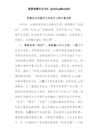 【七哥公文】2025年:某镇在乡村振兴工作会议上的汇报材料+更多免费公文+VX:QiGeGongWen2024+更多免费公文+VX:QiGeGongWen2024
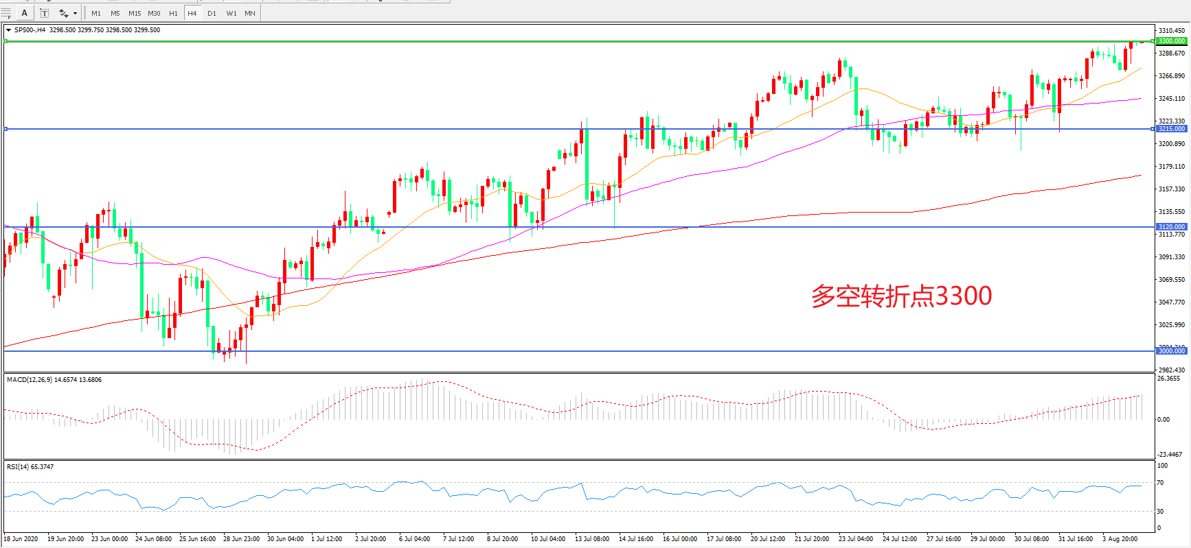 周二(8月4日),投资者关注企业财报及一轮经济刺激法案进展,标普500大幅拉升,收报3299点。虽然疫情防控形势严峻,但美国新增新冠肺炎确诊病例数量有所下降,连续第二天低于5万,白宫官员和美国国会民主党领导人继续就新一轮刺激计划展开磋商,能否顺利推出是近期市场最关心的事件。
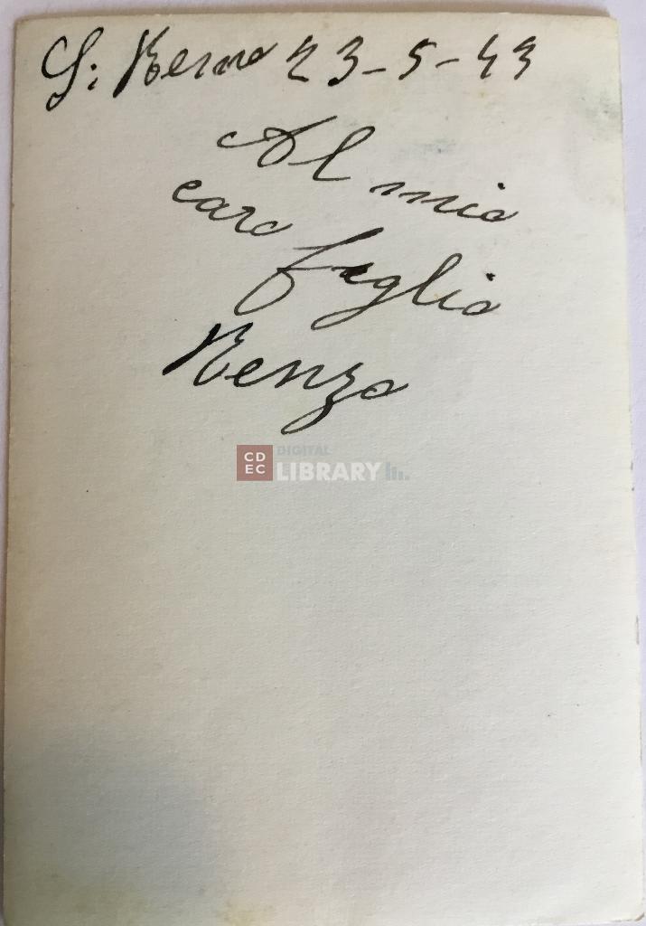 iscrizioni | sul verso del supporto la dedica "S. Remo 23-5-43/ Al mio caro figlio Renzo" |

——————

PROBLEM DETAILS:
Transcribe everything above exactly. Do not include the pictures.

TASK ANSWER:
 【七哥公文】2025年:某镇在乡村振兴工作会议上的汇报材料+更多免费公文+VX:QiGeGongWen2024+更多免费公文+VX:QiGeGongWen2024
 周二(8月4日),投资者关注企业财报及一轮经济刺激法案进展,标普500大幅拉升,收报3299点。虽然疫情防控形势严峻,但美国新增新冠肺炎确诊病例数量有所下降,连续第二天低于5万,白宫官员和美国国会民主党领导人继续就新一轮刺激计划展开磋商,能否顺利推出是近期市场最关心的事件。
 iscrizioni | sul verso del supporto la dedica "S. Remo 23-5-43/ Al mio caro figlio Renzo" |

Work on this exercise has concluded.